BEGIN
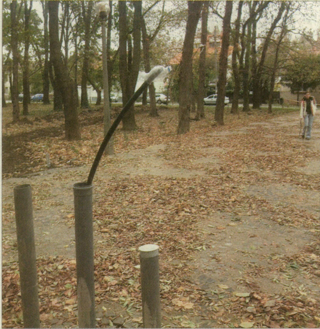
A díszkutat még nem merték kitenni

A tér berendezéseit viszont – az eddigi tapasztalatokból kiindulva – csak a két hét múlva esedékes ünnepélyes avatás előtt, az utolsó pillanatban szállítják ki a helyükre. A napokban teszik ki a pihenőpadokat, és összeszerelik a raktárban várakozó kerti pavil-
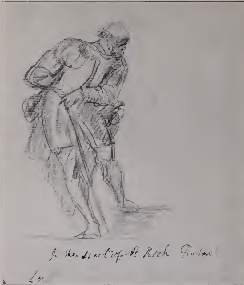
Abb. 113. Zeichnung nach Tintoretto. Aus einem italienischen Taschenbuche. Venedig, Simone di S. Marco. British Museum 131, Nr. 9, S. 47. (Zu Seite 123.)

es in diesen Säckelchen Partien gibt, die von fern an Menzels Jugendstudien zum Angler erinnern, und wenn man dazu die Kinderkopfskizze (Abb. 99) vergleicht, so scheint die Verwandtschaft noch näher zu sein: Daneben sind die Aktstudien (Abb. 104 u. 105) gewiß keine Beweise für die oft behauptete Unkenntnis des menschlichen Körperbaues — wenn auch die Skizze Abb. 101 nicht gerade ein Meisterstück ist. Die Studien zum Petersburger Herkules (Abb. 106 u. 107) zeigen, wie Sir Joshua mit den Schwarz-Weiß-Mitteln von Bleistift und Tusche Lichtwirkungen anzudeuten verstand. Das Köpfchen des Puck mit den weiß eingesetzten Röteltönen (Abb. 98) und die übrigen Farbenskizzen (Abb. 93), namentlich das flott charakterisierte kleine Bild Oliver Goldsmiths (Abb. 96),
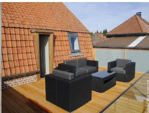
taras na dachu
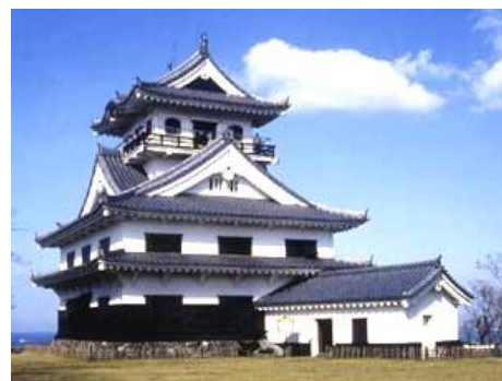
八犬伝の郷 館山城
END
**BRIEF**
Only the records, copied exactly and without pictures, should make up the answer.

**ANSWER BOX**
A díszkutat még nem merték kitenni

A tér berendezéseit viszont – az eddigi tapasztalatokból kiindulva – csak a két hét múlva esedékes ünnepélyes avatás előtt, az utolsó pillanatban szállítják ki a helyükre. A napokban teszik ki a pihenőpadokat, és összeszerelik a raktárban várakozó kerti pavil-
Abb. 113. Zeichnung nach Tintoretto. Aus einem italienischen Taschenbuche. Venedig, Simone di S. Marco. British Museum 131, Nr. 9, S. 47. (Zu Seite 123.)

es in diesen Säckelchen Partien gibt, die von fern an Menzels Jugendstudien zum Angler erinnern, und wenn man dazu die Kinderkopfskizze (Abb. 99) vergleicht, so scheint die Verwandtschaft noch näher zu sein: Daneben sind die Aktstudien (Abb. 104 u. 105) gewiß keine Beweise für die oft behauptete Unkenntnis des menschlichen Körperbaues — wenn auch die Skizze Abb. 101 nicht gerade ein Meisterstück ist. Die Studien zum Petersburger Herkules (Abb. 106 u. 107) zeigen, wie Sir Joshua mit den Schwarz-Weiß-Mitteln von Bleistift und Tusche Lichtwirkungen anzudeuten verstand. Das Köpfchen des Puck mit den weiß eingesetzten Röteltönen (Abb. 98) und die übrigen Farbenskizzen (Abb. 93), namentlich das flott charakterisierte kleine Bild Oliver Goldsmiths (Abb. 96),
taras na dachu
八犬伝の郷 館山城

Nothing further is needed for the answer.